> **What the exercise asks**
Every line from the one with "De keuken is" through the end of the entries below must be retyped exactly, and only those lines. The pictures are not part of the copy.

> **Records for the task**
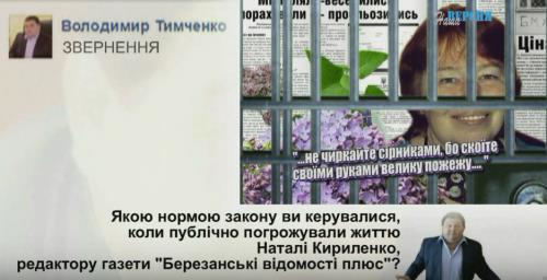 публічно погрожували життю Наталі Кириленко, редактору газети «Березанські
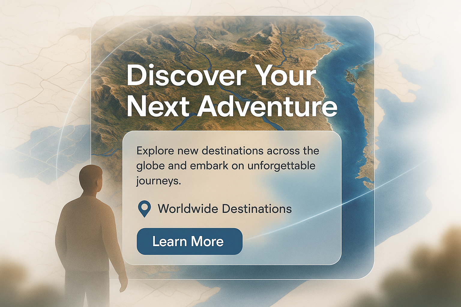 Engaging travel promotion graphic featuring a scenic background and inviting call-to-action, ideal for travel agencies and adventure tourism marketing.
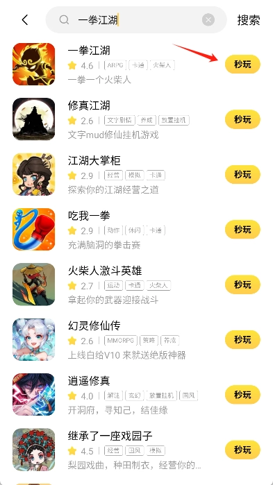 在游戏列表里点击游戏图标,或者点击“秒玩”按钮,就能直接开始体验游戏了。
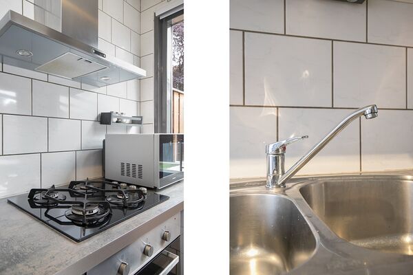 De keuken is volledig uitgerust met moderne apparatuur en biedt voldoende opbergruimte voor al je kookbenodigdheden. Inclusief vaatwasser, koelkast, vriezer, 4-pits gasfornuis, oven, magnetron en afzuigkap.
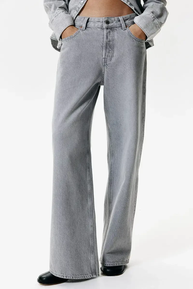 Брюки с высокой талией и широкими штанинами - 100% хлопок
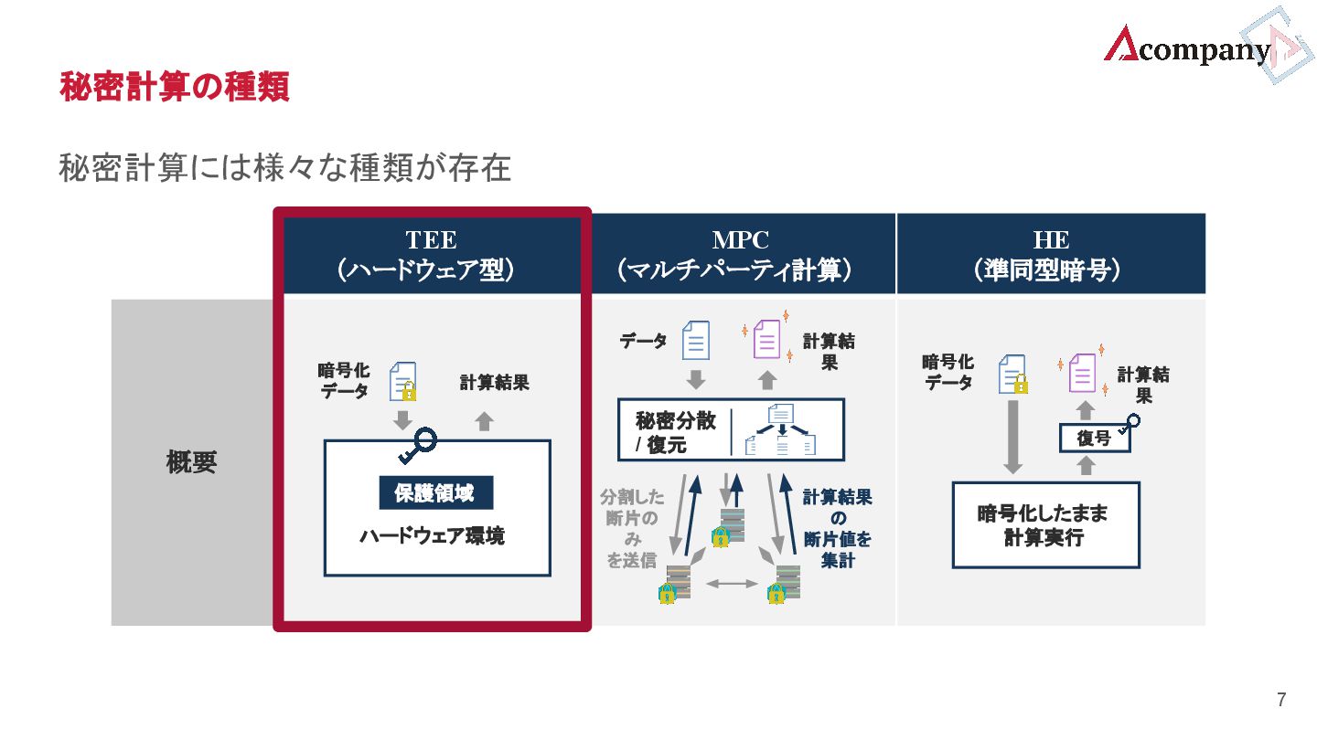 秘密計算には様々な種類が存在 TEE (ハードウェア型) MPC (マルチパーティ計算) HE (準同型暗号) 概要 計算結果 暗号化

> **Answer to this exercise**
 De keuken is volledig uitgerust met moderne apparatuur en biedt voldoende opbergruimte voor al je kookbenodigdheden. Inclusief vaatwasser, koelkast, vriezer, 4-pits gasfornuis, oven, magnetron en afzuigkap.
 Брюки с высокой талией и широкими штанинами - 100% хлопок
 秘密計算には様々な種類が存在 TEE (ハードウェア型) MPC (マルチパーティ計算) HE (準同型暗号) 概要 計算結果 暗号化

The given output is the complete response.